#### Problem to work on
Reproduce exactly, and only, the lines below from the one containing "This black-and-white silhouetted" through the one containing "Lagana muška majica".

*** Given data ***

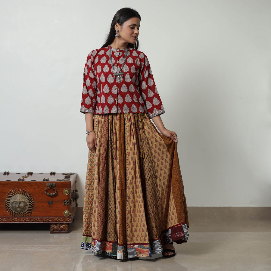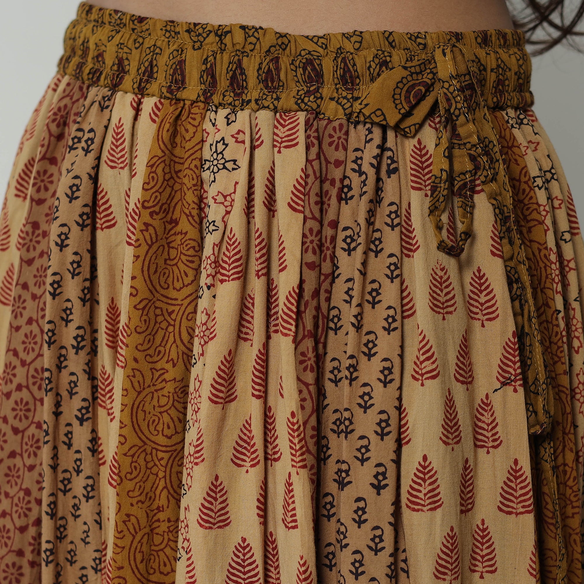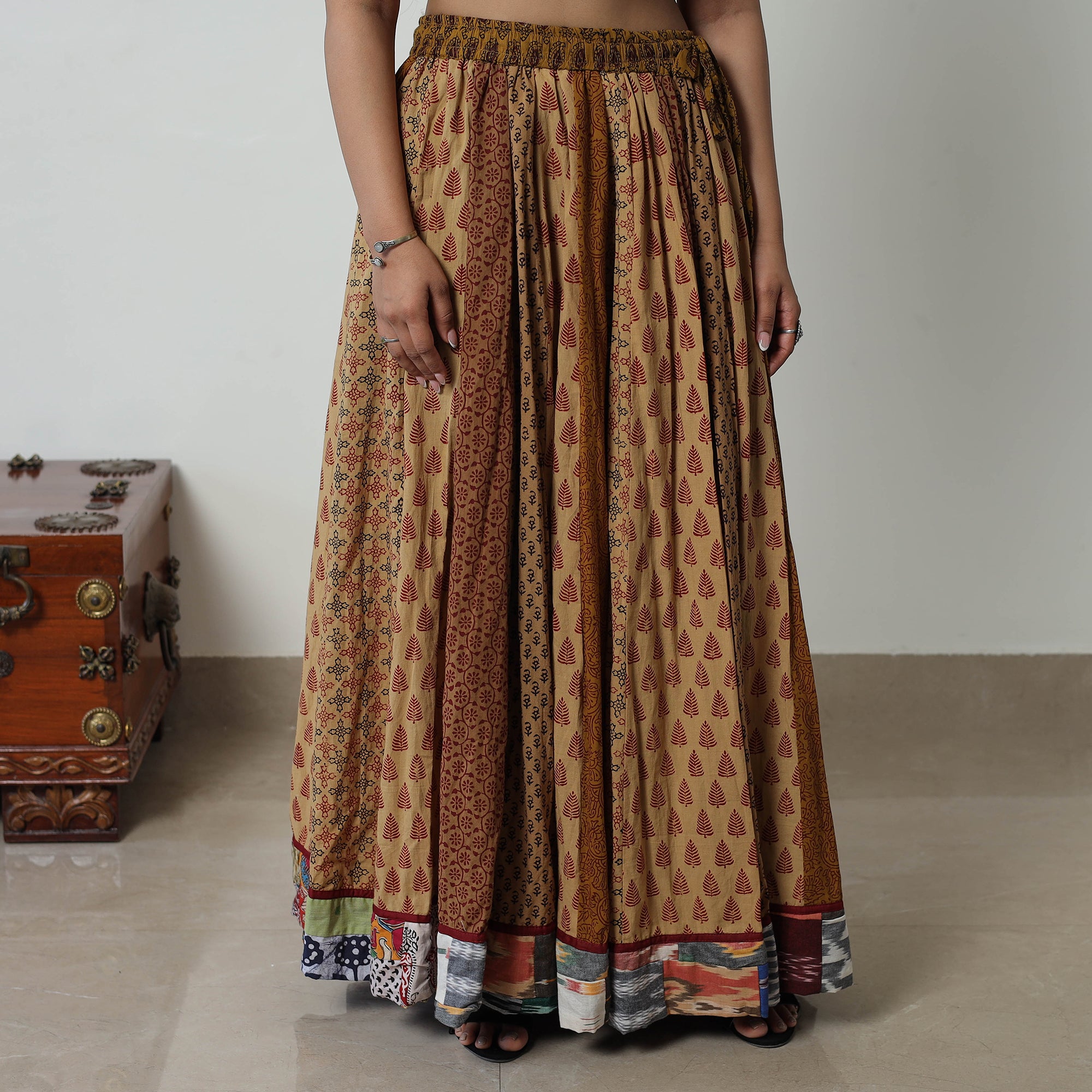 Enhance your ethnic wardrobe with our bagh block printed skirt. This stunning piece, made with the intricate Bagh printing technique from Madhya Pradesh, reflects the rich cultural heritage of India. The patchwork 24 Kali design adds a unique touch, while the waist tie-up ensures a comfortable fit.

***
*** Given data ***

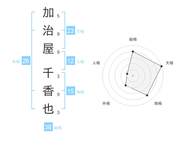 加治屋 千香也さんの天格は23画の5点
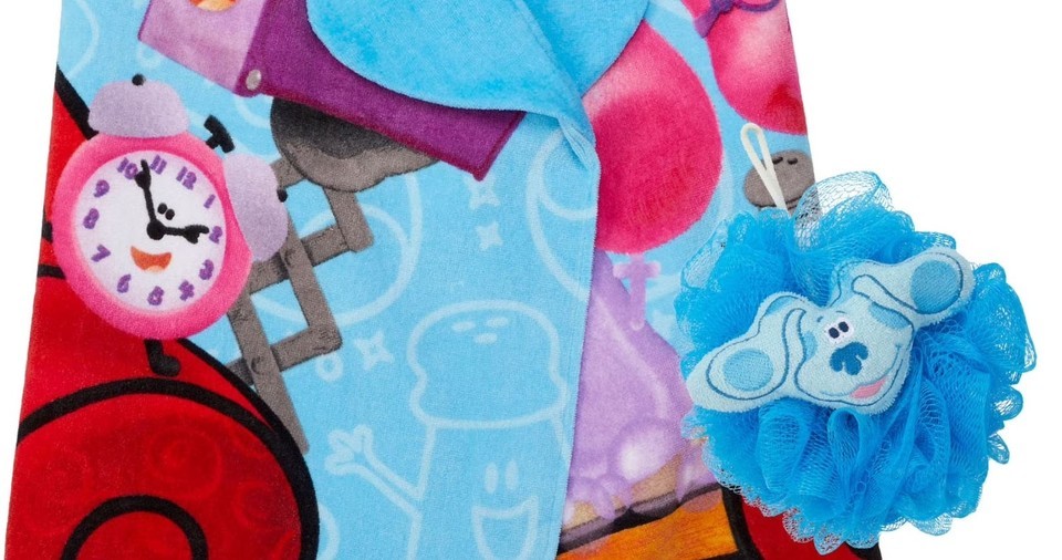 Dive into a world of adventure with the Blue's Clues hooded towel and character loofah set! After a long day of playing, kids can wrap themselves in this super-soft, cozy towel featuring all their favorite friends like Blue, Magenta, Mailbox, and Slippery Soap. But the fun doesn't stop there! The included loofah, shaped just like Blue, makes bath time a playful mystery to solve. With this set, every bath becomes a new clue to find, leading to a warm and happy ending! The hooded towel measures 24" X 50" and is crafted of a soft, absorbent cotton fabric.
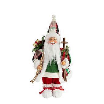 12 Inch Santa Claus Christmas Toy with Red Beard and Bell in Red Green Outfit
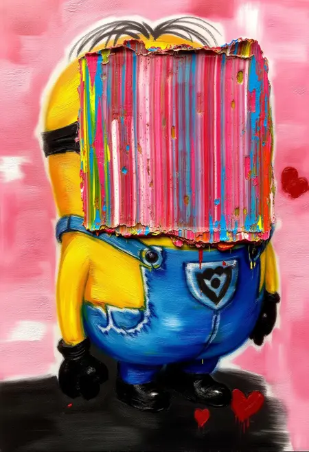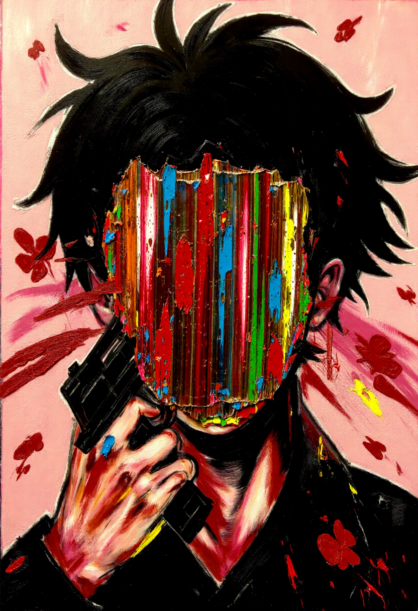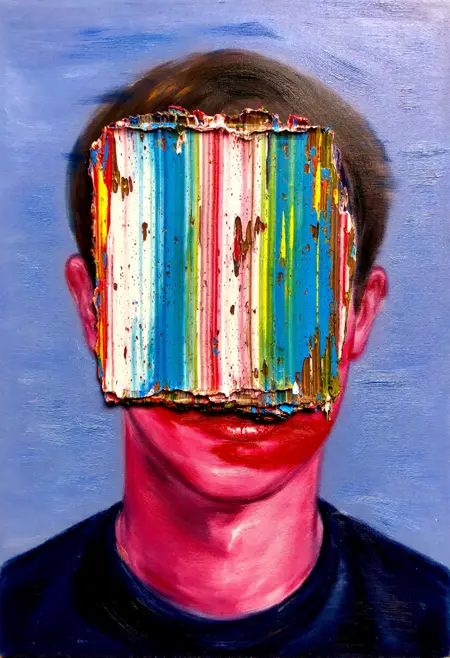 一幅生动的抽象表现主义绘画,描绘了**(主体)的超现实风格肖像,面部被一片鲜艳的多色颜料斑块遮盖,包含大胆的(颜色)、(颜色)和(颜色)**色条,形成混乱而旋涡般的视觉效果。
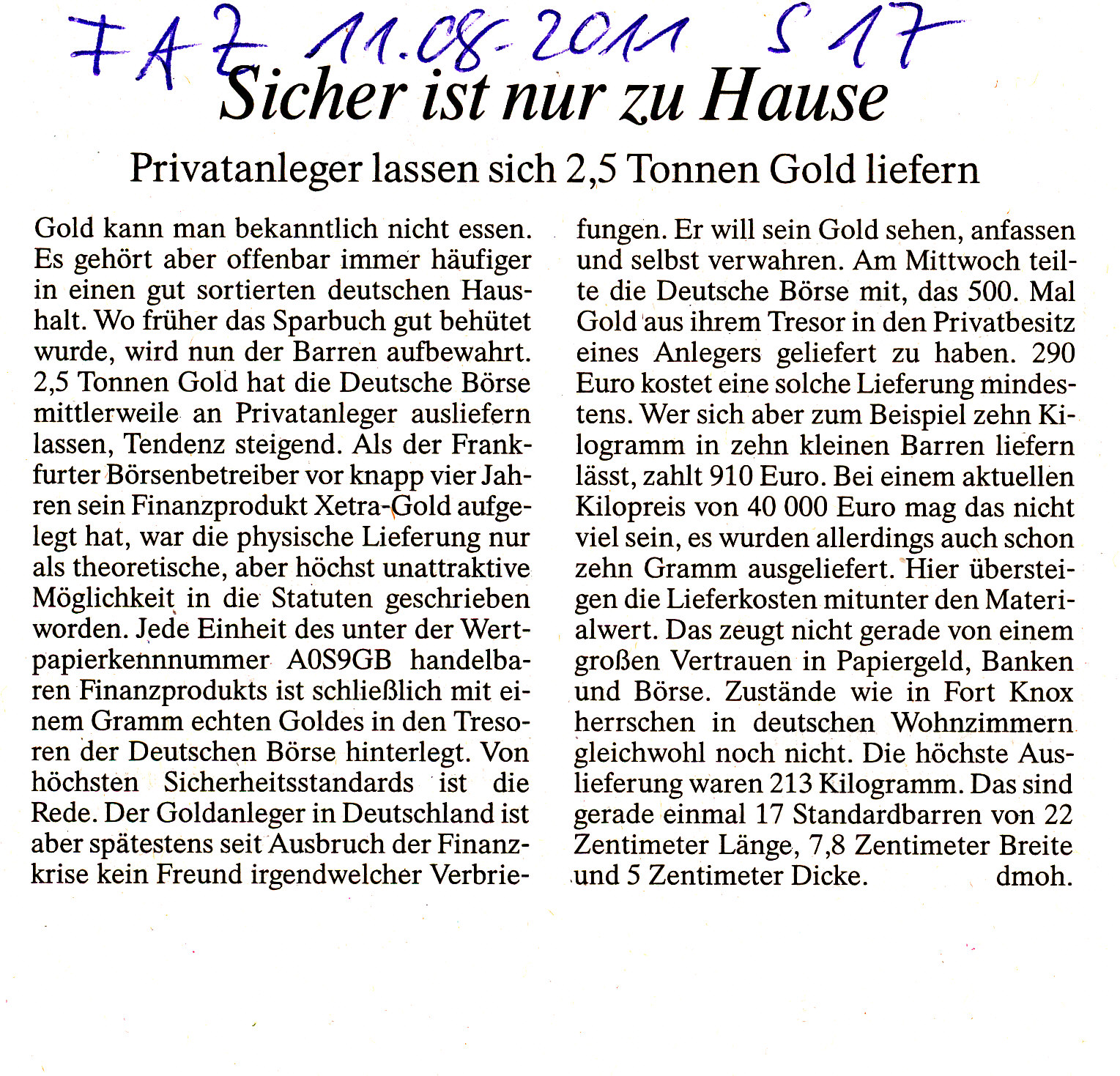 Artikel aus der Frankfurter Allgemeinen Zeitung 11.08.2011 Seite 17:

***
*** Given data ***

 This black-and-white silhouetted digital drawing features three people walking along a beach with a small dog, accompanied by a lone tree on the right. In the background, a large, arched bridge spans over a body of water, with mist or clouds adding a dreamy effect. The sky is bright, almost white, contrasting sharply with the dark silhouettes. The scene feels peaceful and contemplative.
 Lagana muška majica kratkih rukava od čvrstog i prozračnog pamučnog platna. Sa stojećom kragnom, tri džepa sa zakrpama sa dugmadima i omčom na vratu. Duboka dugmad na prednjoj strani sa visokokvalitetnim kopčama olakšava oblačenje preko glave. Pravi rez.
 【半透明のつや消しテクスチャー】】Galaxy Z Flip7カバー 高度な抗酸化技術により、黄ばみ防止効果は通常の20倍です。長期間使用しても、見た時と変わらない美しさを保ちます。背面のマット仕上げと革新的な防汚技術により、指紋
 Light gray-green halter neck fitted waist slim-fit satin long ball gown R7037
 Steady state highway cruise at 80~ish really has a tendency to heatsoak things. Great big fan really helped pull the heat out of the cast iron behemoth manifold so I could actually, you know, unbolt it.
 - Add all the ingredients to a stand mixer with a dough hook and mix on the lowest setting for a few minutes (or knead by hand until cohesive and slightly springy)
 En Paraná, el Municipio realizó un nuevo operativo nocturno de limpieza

***

#### Result of the task
 This black-and-white silhouetted digital drawing features three people walking along a beach with a small dog, accompanied by a lone tree on the right. In the background, a large, arched bridge spans over a body of water, with mist or clouds adding a dreamy effect. The sky is bright, almost white, contrasting sharply with the dark silhouettes. The scene feels peaceful and contemplative.
 Lagana muška majica kratkih rukava od čvrstog i prozračnog pamučnog platna. Sa stojećom kragnom, tri džepa sa zakrpama sa dugmadima i omčom na vratu. Duboka dugmad na prednjoj strani sa visokokvalitetnim kopčama olakšava oblačenje preko glave. Pravi rez.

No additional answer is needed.